Jan 27 20:13:39.000 [notice] Tried for 120 seconds to get a connection to [scrubbed]:0. Giving up.
Jan 27 20:13:43.000 [notice] Tried for 120 seconds to get a connection to [scrubbed]:0. Giving up.
Jan 27 20:13:48.000 [notice] Tried for 120 seconds to get a connection to [scrubbed]:0. Giving up. (waiting for circuit)
Jan 27 20:13:53.000 [notice] Tried for 120 seconds to get a connection to [scrubbed]:0. Giving up. (waiting for circuit)
Jan 27 20:14:32.000 [notice] Tried for 120 seconds to get a connection to [scrubbed]:0. Giving up. (waiting for circuit)
Jan 27 20:14:37.000 [notice] Tried for 120 seconds to get a connection to [scrubbed]:0. Giving up. (waiting for circuit)
Jan 27 20:14:42.000 [notice] Tried for 120 seconds to get a connection to [scrubbed]:0. Giving up. (waiting for circuit)
Jan 27 20:14:47.000 [notice] Tried for 120 seconds to get a connection to [scrubbed]:0. Giving up. (waiting for circuit)
Jan 27 20:15:22.000 [notice] Tried for 120 seconds to get a connection to [scrubbed]:0. Giving up. (waiting for circuit)
Jan 27 20:15:26.000 [notice] Tried for 120 seconds to get a connection to [scrubbed]:0. Giving up. (waiting for circuit)
Jan 27 20:15:31.000 [notice] Tried for 120 seconds to get a connection to [scrubbed]:0. Giving up. (waiting for circuit)
Jan 27 20:15:36.000 [notice] Tried for 120 seconds to get a connection to [scrubbed]:0. Giving up. (waiting for circuit)
Jan 27 20:28:38.000 [notice] Tried for 120 seconds to get a connection to [scrubbed]:0. Giving up. (waiting for circuit)
Jan 27 20:33:24.000 [err] connection_ap_expire_beginning(): Bug: src/or/connection_edge.c:649: connection_ap_expire_beginning: Assertion circ->purpose == CIRCUIT_PURPOSE_C_GENERAL failed; aborting.

Child Tickets

Change History (17)

comment:1 Changed 7 years ago by nickm

Milestone: Tor: 0.2.4.x-final
Priority: normalmajor

What options did you use to build Tor? Can you get a stack trace on this? Were you opening any connections and/or using Tor at the time?

comment:2 in reply to:  1 Changed 7 years ago by cypherpunks

Replying to nickm:

What options did you use to build Tor? Can you get a stack trace on this? Were you opening any connections and/or using Tor at the time?

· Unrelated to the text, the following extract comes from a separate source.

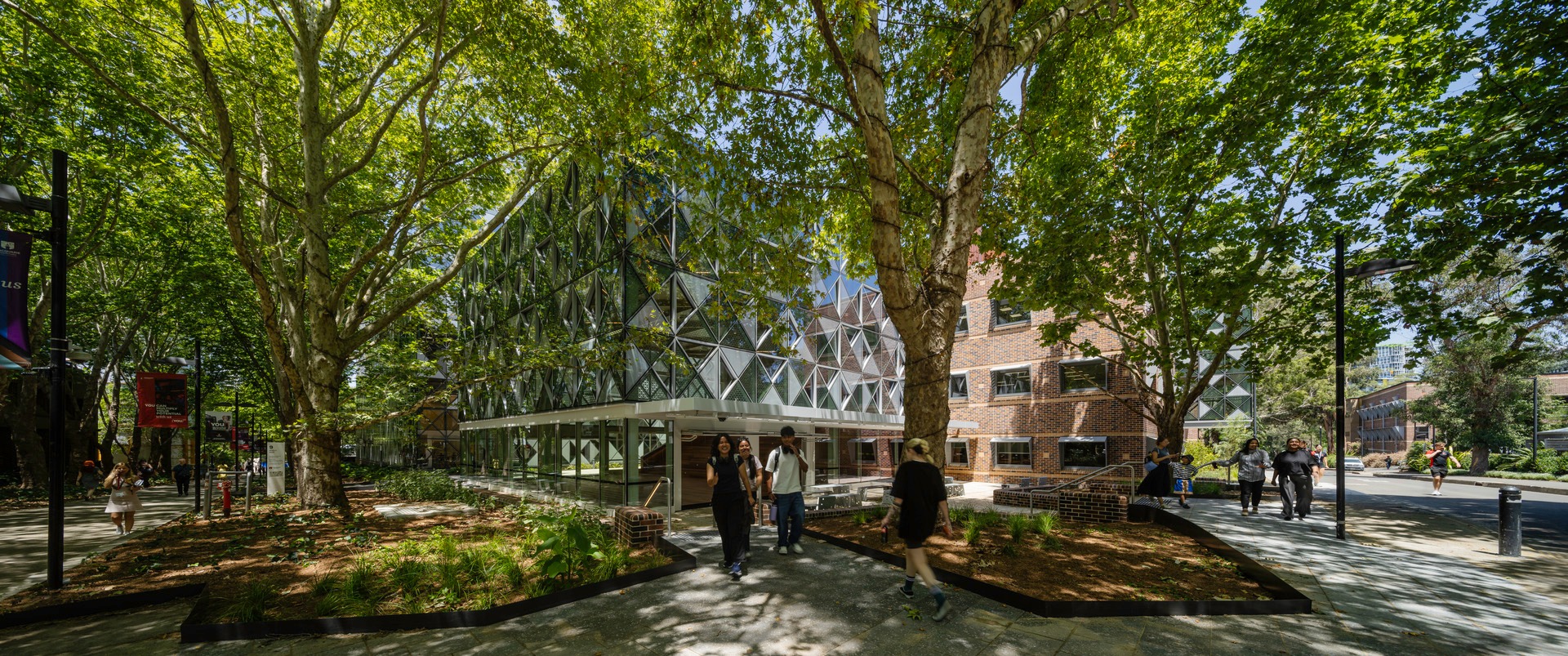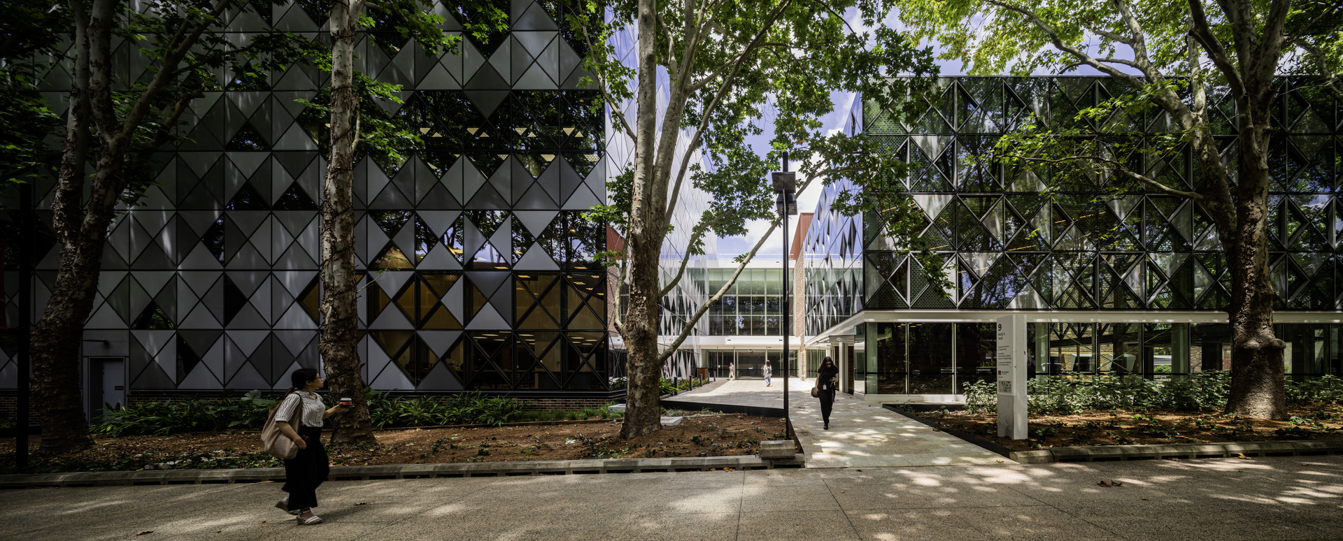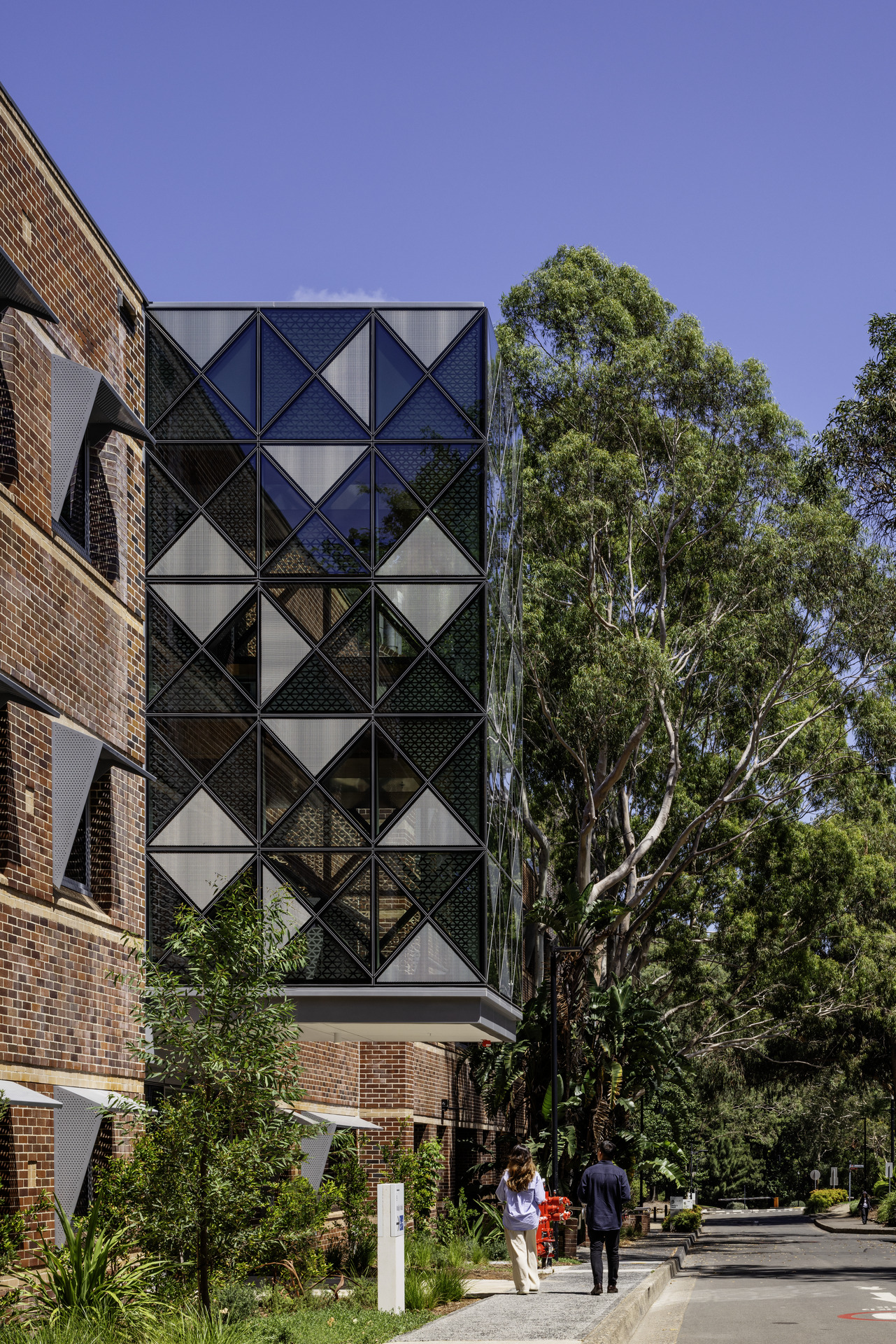 With so many disciplines under one roof, materiality needed to be both expressive and pragmatic. The architectural approach emphasises robustness, clarity, and a confident modesty. The existing brick building remains legible and is strengthened through upgraded glazing and shading, while the new wing introduces a distinctive metal façade—a triangulated pattern inspired by the dappled canopy of Wally’s Walk and the structural logic of engineering trusses.

CFLAGS += -O3 -fno-delete-null-pointer-checks

	./configure \
		--prefix=/usr \
		--mandir=\$${prefix}/share/man \
		--infodir=\$${prefix}/share/info \
		--localstatedir=/var \
		--sysconfdir=/etc \
		--disable-upnp \
		--disable-nat-pmp \
		--enable-openbsd-malloc 

I was using tor when the crash occurred.

comment:3 Changed 7 years ago by cypherpunks

I forgot to mention I'm using Tor also as local name resolver ( DnsPort 127.0.0.1:53 ) : the crash occurred while trying to resolve a name

comment:4 Changed 7 years ago by nickm

Hm. Is it reproducible, or does it only happen some of the time? If it's reproducible, do you think you could get a stack trace, plus the contents of "*circ" at the point where the assertion occurs? (Just ask if you need some help using gdb)

comment:5 in reply to:  4 Changed 7 years ago by cypherpunks

Replying to nickm:

Hm. Is it reproducible, or does it only happen some of the time?

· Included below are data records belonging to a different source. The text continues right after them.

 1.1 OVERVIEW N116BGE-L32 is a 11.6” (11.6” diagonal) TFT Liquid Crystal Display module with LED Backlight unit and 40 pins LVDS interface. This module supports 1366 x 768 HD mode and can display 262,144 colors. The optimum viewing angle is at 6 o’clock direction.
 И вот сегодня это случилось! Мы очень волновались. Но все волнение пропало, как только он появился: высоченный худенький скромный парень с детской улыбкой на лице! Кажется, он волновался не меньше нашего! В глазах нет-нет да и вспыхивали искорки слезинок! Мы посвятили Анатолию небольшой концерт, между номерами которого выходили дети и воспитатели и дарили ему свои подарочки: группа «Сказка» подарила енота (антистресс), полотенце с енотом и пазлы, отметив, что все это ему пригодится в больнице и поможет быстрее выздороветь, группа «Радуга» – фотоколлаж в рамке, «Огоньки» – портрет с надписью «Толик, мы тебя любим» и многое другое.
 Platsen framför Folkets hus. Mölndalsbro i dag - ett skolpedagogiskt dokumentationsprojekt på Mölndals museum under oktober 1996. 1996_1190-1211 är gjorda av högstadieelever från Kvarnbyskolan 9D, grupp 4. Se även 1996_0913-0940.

I'm trying to reproduce it but with no luck atm.

When the bug occurred tor was running since ~ 8 days 6h :

... [notice] Heartbeat: Tor's uptime is 8 days 6:00 hours, with 40 circuits open. ...

I got a look to the entire log file and I found other occurrences of the following messages but tor just continued to work :

... [notice] Tried for 120 seconds to get a connection to [scrubbed]:0. Giving up.
... [notice] Tried for 120 seconds to get a connection to [scrubbed]:0. Giving up. (waiting for circuit)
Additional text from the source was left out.